🤖 AI Summary
This study investigates the minimal covering problem for convex bodies and their boundaries in Hilbert geometry, establishing—for the first time—a polarity-based duality theory for covering numbers under the non-translation-invariant Hilbert metric. By introducing key tools including α-dilations, stability lemmas for polarity and dilations, a local relative isoperimetric inequality, and estimates of Holmes–Thompson area, the authors demonstrate that the covering numbers of a convex body and its polar dual mutually control each other up to exponential factors, with bounds governed by absolute constants. The main contributions include a novel duality relation for boundary coverings, an extension of classical volume duality to the setting of Hilbert geometry, and a new proof of Faifman’s polarity bound.
📝 Abstract
We prove polarity duality for covering problems in Hilbert geometry. Let $G$ and $K$ be convex bodies in $\mathbb{R}^d$ where $G \subset \operatorname{int}(K)$ and $\operatorname{int}(G)$ contains the origin. Let $N^H_K(G,α)$ and $S^H_K(G,α)$ denote, respectively, the minimum numbers of radius-$α$ Hilbert balls in the geometry induced by $K$ needed to cover $G$ and $\partial G$. Our main result is a Hilbert-geometric analogue of the König-Milman covering duality: there exists an absolute constant $c \geq 1$ such that for any $α\in (0,1]$, \[
c^{-d}\,N^H_{G^{\circ}}(K^{\circ},α)
~ \leq ~ N^H_K(G,α)
~ \leq ~ c^{d}\,N^H_{G^{\circ}}(K^{\circ},α), \] and likewise, \[
c^{-d}\,S^H_{G^{\circ}}(K^{\circ},α)
~ \leq ~ S^H_K(G,α)
~ \leq ~ c^{d}\,S^H_{G^{\circ}}(K^{\circ},α). \] We also recover the classical volumetric duality for translative coverings of centered convex bodies, and obtain a new boundary-covering duality in that setting.
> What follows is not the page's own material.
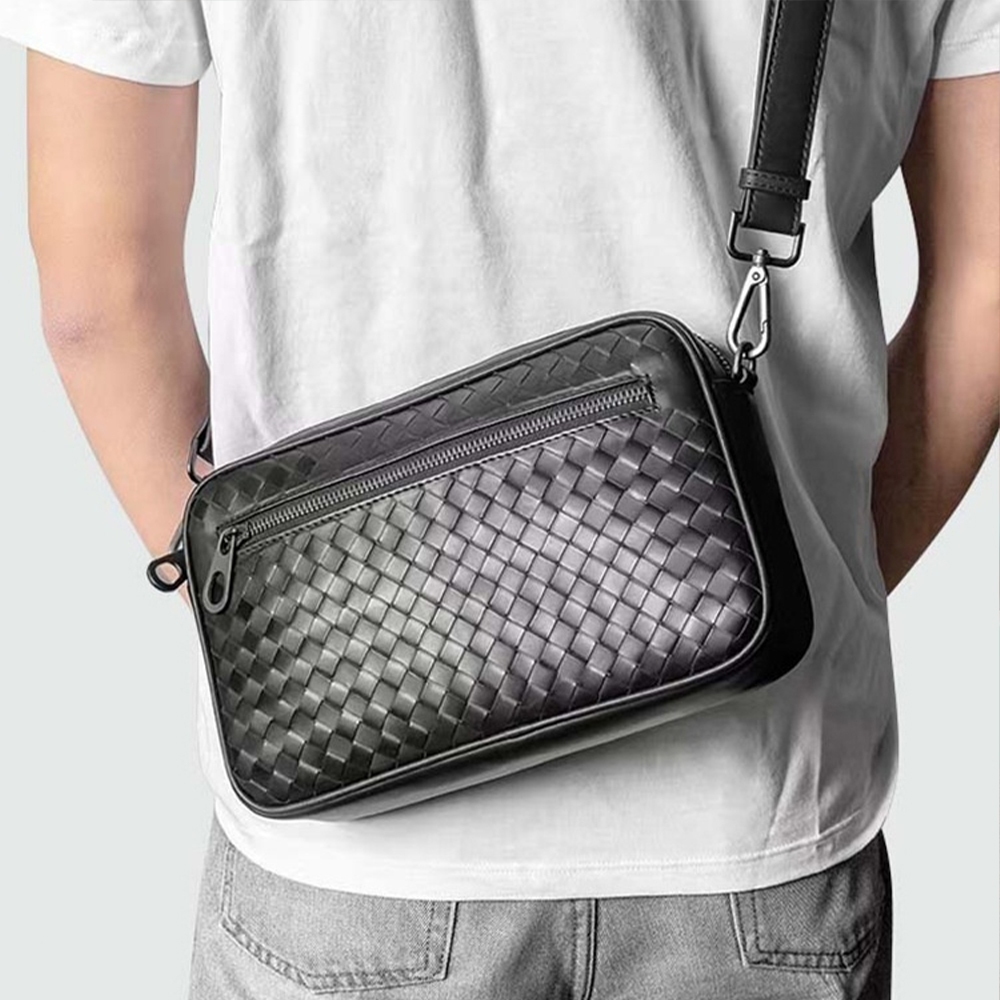 包包 側背包 大方包 編織包包 真皮包包 牛皮編織包 牛皮斜背包 編織方包 手工編織包 黑色包包 休閒皮包 禮物 052
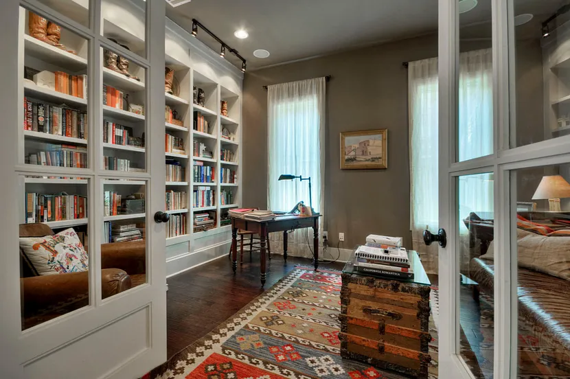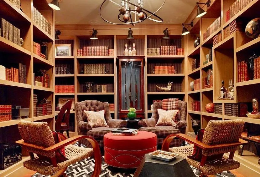 Большая комната – это большие возможности. Простор для фантазии тут огромный, можно воплощать самые смелые решения, например, создание потайной комнаты за книжным шкафом. Главное, не переусердствовать и не забить пространство излишним количеством мебели и аксессуаров, иначе получится, в лучшем случае, выставочный зал, а в худшем – беспорядочная большая кладовка.

The Hilbert setting is subtler than the translative one because the metric is not translation invariant, and the local Finsler unit ball depends on the base point. The proof involves several ideas, including $α$-expansions, a stability lemma that controls the interaction between polarity and expansion, and, in the boundary case, a localized relative isoperimetric argument combined with Holmes--Thompson area estimates. In addition, we provide an alternative proof of Faifman's polarity bounds for Holmes--Thompson volume and area in the Funk and Hilbert geometries.